It’s that time of year when kids are graduating from college. They’re certainly due their congratulations. I, for example, just attended my third child’s graduation ceremony in Colorado. Since that was my last child to graduate, I essentially got a big raise. But for those parents whose child is getting ready to go to college this next fall, one of the main considerations is where to live.
Many colleges and universities require a freshman to live in campus housing while others do not. Some students may be entering their second or third year of school and looking for a new place to live. Most students pay rent as many don’t plan to live in the same city where their school is located. A place to live is short term. And, as with other rentals, it’s a temporary expense. But there is another option in buying a place to live.
Buying a place to live is typically out of the foray of a college student, so most often a purchase comes in the form of relatives helping out by buying a property outright. Usually, this purchase is initiated by a parent or grandparent. When buying a rental property, the choices are either a government loan or a conventional one.
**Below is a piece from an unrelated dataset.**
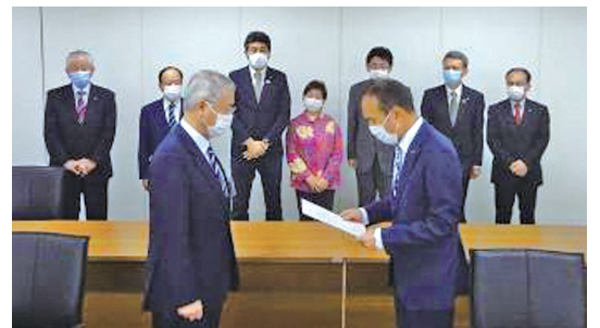
野澤議長(当時)から市長に対して要望書を提出。写真後列は各会派の代表議員

Conventional loans, those underwritten to Fannie or Freddie standards, will require a down payment of at least 20% of the sales price and buyers can get slightly better terms with a 25% down payment. Still, rates and terms for rental properties are higher compared to those for a primary residence. A primary is a property where the owner lives there. However, the minimum down payment requirement forces the choice of renting vs. buying. But not with a ‘kiddie condo’ transaction.
A kiddie condo loan program is somewhat of a misnomer because the property doesn’t have to be a condominium unit. The property can be any type of residential property. Under this type of financing there are some major advantages for relatives who put their name on the dotted line to buy the home for the student. What sort of advantages?
Probably the biggest is the amount of down payment required for a kiddie condo loan. Recall that government-backed loans must be owner-occupied. When using a government-backed FHA loan, the student as well as the relatives are all on the note but only the student lives in the property. This situation means lower down payment and lower rates and fees, even though there are some non-occupied borrowers on the note. A positive credit history will also boost credit scores for everyone on the note. This is especially important for students with limited credit histories.
Another advantage relates to income tax deductions. You’ll want to consult with your tax professional about this but in general, interest and discount points may be a tax deduction. And finally, there is equity growth. Owning a property for three or four years typically means the value of the home has increased, contributing to everyone’s wealth. And, even after the student graduates, the home can still be used as a rental property but with all the benefits of a primary residence. Graduating and moving out does not change the terms of the original note.
As this fall approaches, take a look at the advantages of a kiddie condo arrangement. Especially so if the parents are thinking about buying a property instead of throwing their money out with rental payments.